W ostatnich godzinach doszło do poważnego incydentu na Morzu Bałtyckim, który wzbudził niepokój służb bezpieczeństwa w całej Europie. Dwa strategiczne podmorskie kable światłowodowe zostały przerwane w tajemniczych okolicznościach – pierwszy łączący Finlandię z Niemcami, a drugi Litwę ze szwedzką Gotlandią.
Zdarzenie to przypomina wcześniejsze przypadki sabotażu infrastruktury krytycznej w regionie, w tym głośne uszkodzenie gazociągów Nord Stream w 2022 roku, co dodatkowo potęguje obawy o bezpieczeństwo komunikacji w basenie Morza Bałtyckiego.
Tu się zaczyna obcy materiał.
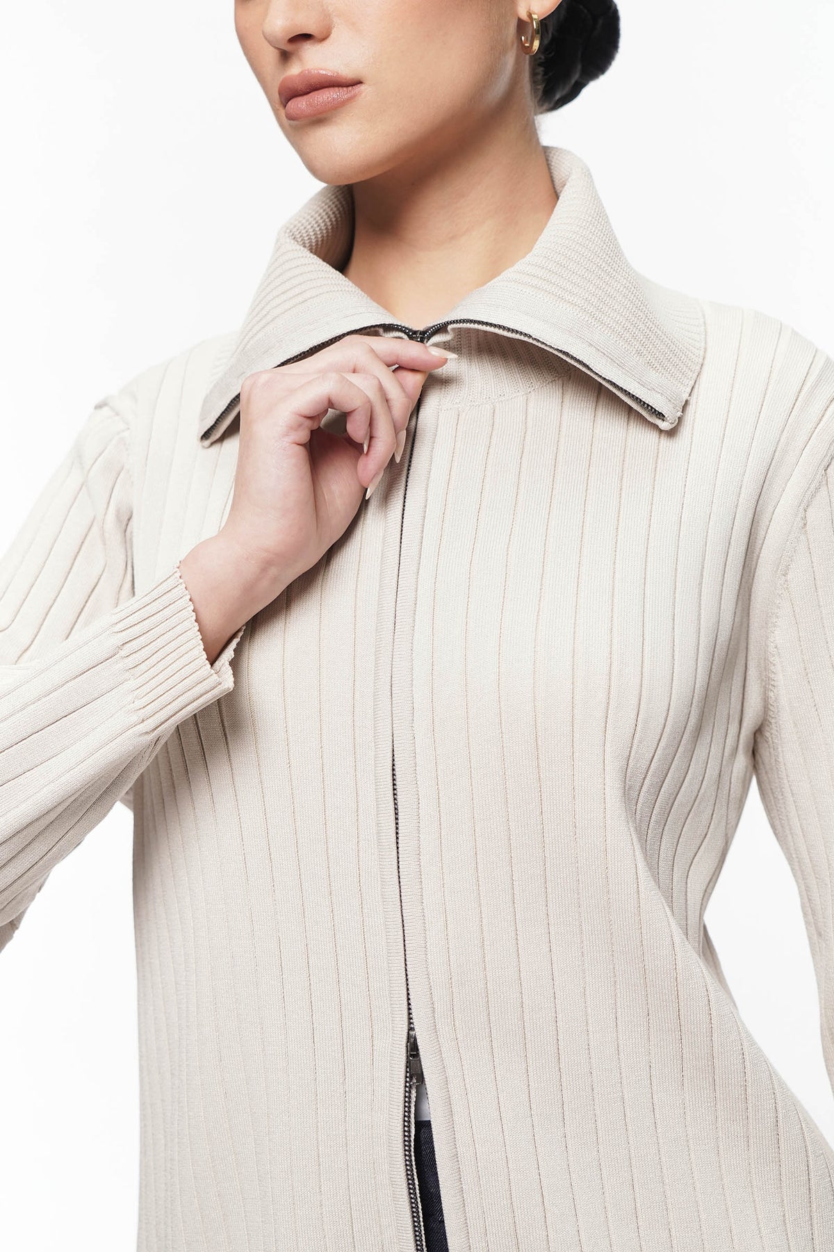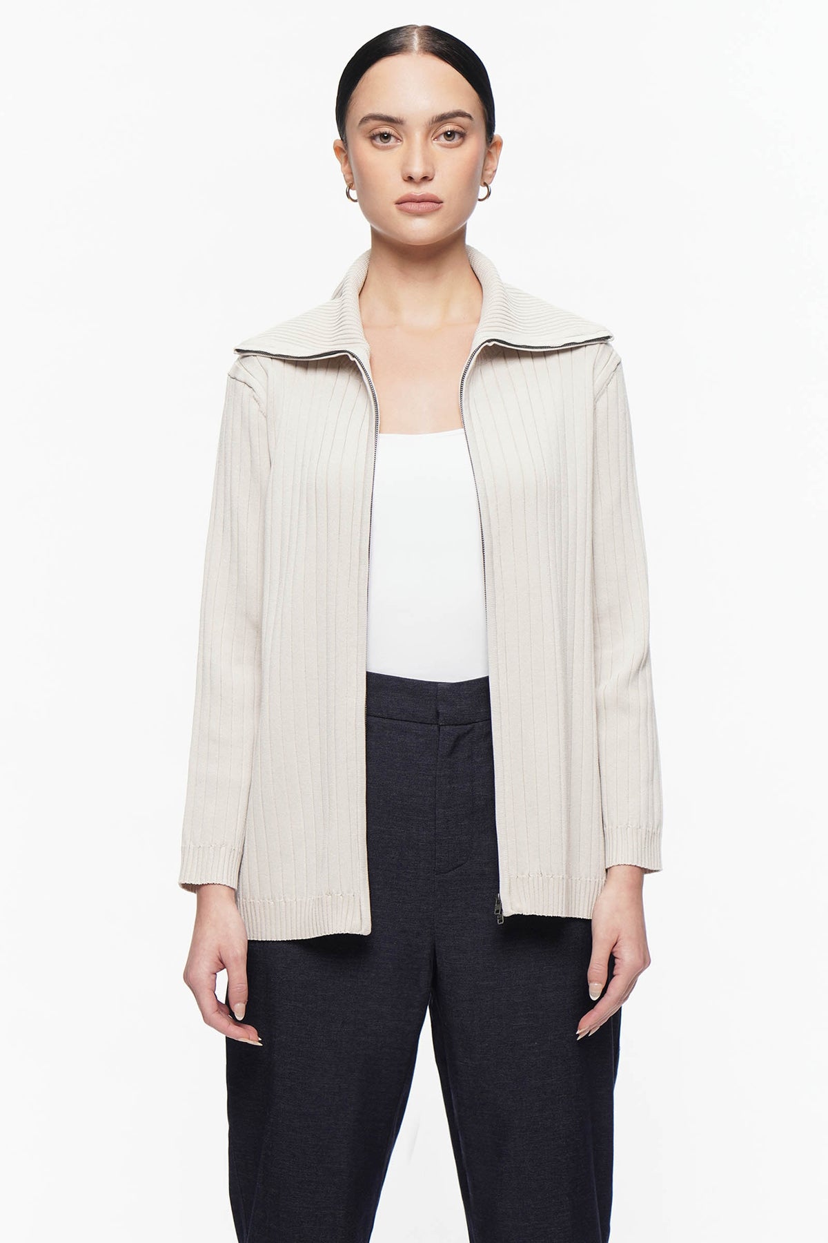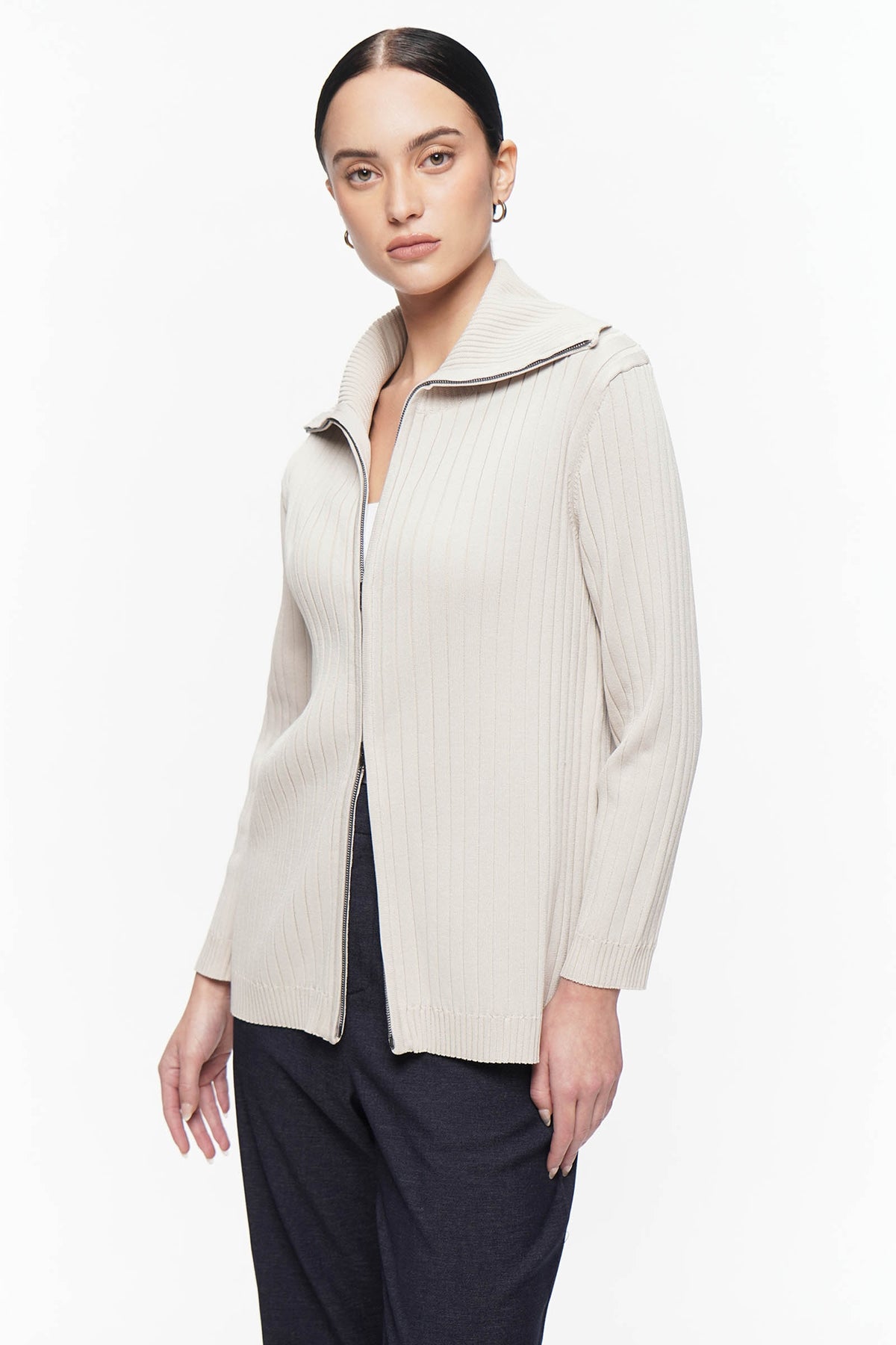 • Design Details: High Neck, Double Ended Zipper and Long Sleeves

Sytuacja jest szczególnie niepokojąca ze względu na strategiczne znaczenie uszkodzonych połączeń. Kabel o długości 1200 kilometrów łączący Helsinki z niemieckim portem w Rostocku przestał działać w poniedziałek nad ranem, natomiast 218-kilometrowe połączenie między Litwą a Gotlandią uległo awarii dzień wcześniej.
Władze Finlandii i Niemiec wydały wspólne oświadczenie wyrażające głębokie zaniepokojenie sytuacją, podkreślając, iż incydent natychmiast wzbudził podejrzenia o celowe działanie. Eksperci szacują, iż naprawa głównego kabla może potrwać choćby do 15 dni.